Post Residency No two artists’ residencies are the same. East Street Arts’ origins are proudly and firmly rooted in artist led practice. They offer a wide range of opportunities which invite artists both in Leeds and across Europe to approach and debate artist led practice. The Artist Residency programme is one such invitation. Residencies can feel a bit like embarking on a blind date. Artists choose them wisely and consider what they want to test, witness, nurture and experience and how those exposures might expand and illuminate their work.
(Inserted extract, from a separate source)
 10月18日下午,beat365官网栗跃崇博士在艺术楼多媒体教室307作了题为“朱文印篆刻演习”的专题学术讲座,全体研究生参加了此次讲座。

It is here that the supportive relationship between art organisation and artist is key in bridging cross cultural dialogues and expectations of projects and experiences. The work by the six artists in Out of Bounds all share responses to the urban landscape and freedom of movement though looking at man made dereliction, dwellings and reclaiming public spaces through DIY and interventionist strategies. Out of Bounds is not the end of the residency for the artists involved.

Residencies

You can only speculate what might happen; a residency is as much a mental and emotional shift as it is a temporary physical relocation. Sometimes you don’t need to travel far or maybe the traversing is more virtual (for instance, there are increasingly more ‘online’ residencies now available for artists). Whatever the model, shifting to a new and unfamiliar place can alter how an artist makes work and, more crucially, challenge what they think about the work they are making.

The perception of an artist’s work, which may hold cultural currency or gravitas in one region or country, can be perceived very differently when experienced by another ‘global audience’. This can be simply down to speaking a different language or having another type of art education or understanding of how ‘art’ works.
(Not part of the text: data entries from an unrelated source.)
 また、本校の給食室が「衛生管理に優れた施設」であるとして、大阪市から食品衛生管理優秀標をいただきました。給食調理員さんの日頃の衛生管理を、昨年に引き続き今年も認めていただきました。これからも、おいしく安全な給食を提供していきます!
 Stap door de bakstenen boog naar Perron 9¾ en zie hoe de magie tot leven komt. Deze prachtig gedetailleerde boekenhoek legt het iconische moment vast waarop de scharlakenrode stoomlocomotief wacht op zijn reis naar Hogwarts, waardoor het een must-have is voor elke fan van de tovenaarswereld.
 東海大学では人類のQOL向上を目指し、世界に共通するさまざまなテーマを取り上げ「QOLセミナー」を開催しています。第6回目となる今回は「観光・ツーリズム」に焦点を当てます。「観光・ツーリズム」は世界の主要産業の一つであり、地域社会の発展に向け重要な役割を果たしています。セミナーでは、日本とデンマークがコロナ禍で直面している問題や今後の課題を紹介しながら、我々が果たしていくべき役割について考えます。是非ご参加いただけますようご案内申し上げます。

Whilst their exhibition is a reflection and evidence of the impact the residencies had on their work, the friendships, networks and thoughts collected will continue to be digested and processed, lingering for much longer than the duration of the residency. It is this that serves as the real legacy to the experience and what happened during those weeks, months or years. Having an exhibition a year after the completion of a residency is one good model to gain a greater understanding of the impact this incubation period has had on the artists work and development.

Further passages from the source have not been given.